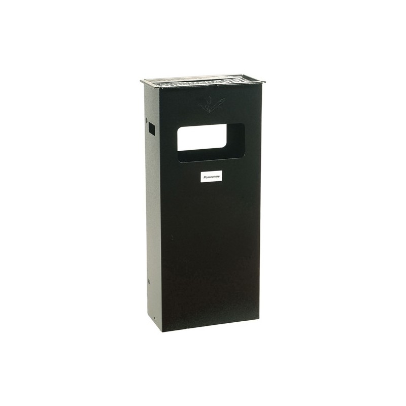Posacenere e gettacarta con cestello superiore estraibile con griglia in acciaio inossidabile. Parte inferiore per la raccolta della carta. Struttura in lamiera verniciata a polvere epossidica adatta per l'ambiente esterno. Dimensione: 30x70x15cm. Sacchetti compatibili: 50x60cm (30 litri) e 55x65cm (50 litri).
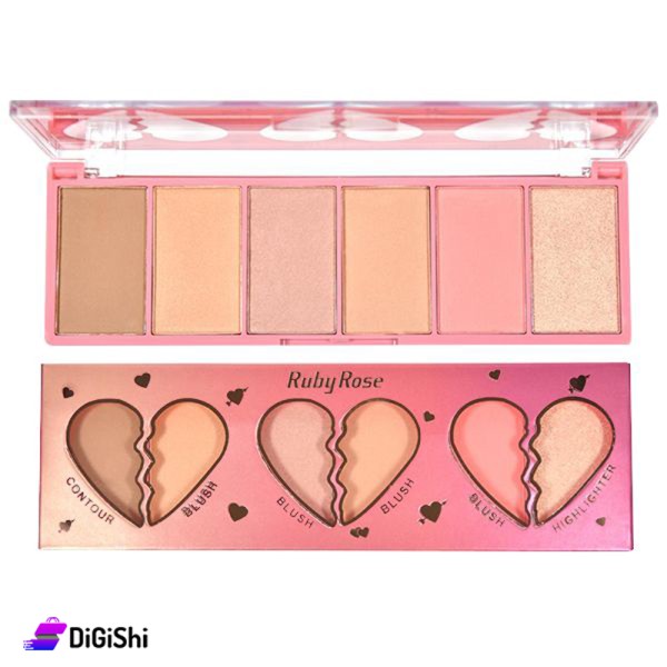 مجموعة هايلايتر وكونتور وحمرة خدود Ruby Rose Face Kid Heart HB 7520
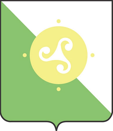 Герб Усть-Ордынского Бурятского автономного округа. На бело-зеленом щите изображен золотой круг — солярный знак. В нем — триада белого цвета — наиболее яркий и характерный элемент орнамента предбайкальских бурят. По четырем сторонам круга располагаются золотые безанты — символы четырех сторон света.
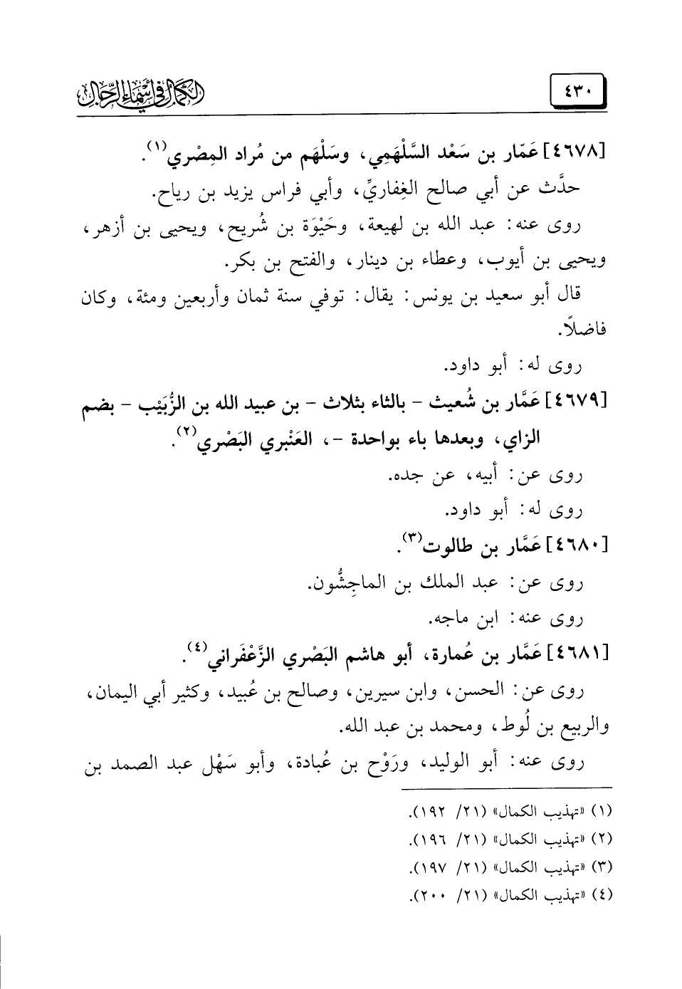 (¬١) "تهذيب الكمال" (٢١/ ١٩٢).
--*--
▶ Try it: Only the pictures should be left out; the rest of the material above must be repeated exactly.

▶ Answer below:
Posacenere e gettacarta con cestello superiore estraibile con griglia in acciaio inossidabile. Parte inferiore per la raccolta della carta. Struttura in lamiera verniciata a polvere epossidica adatta per l'ambiente esterno. Dimensione: 30x70x15cm. Sacchetti compatibili: 50x60cm (30 litri) e 55x65cm (50 litri).
 مجموعة هايلايتر وكونتور وحمرة خدود Ruby Rose Face Kid Heart HB 7520
 Герб Усть-Ордынского Бурятского автономного округа. На бело-зеленом щите изображен золотой круг — солярный знак. В нем — триада белого цвета — наиболее яркий и характерный элемент орнамента предбайкальских бурят. По четырем сторонам круга располагаются золотые безанты — символы четырех сторон света.
 (¬١) "تهذيب الكمال" (٢١/ ١٩٢).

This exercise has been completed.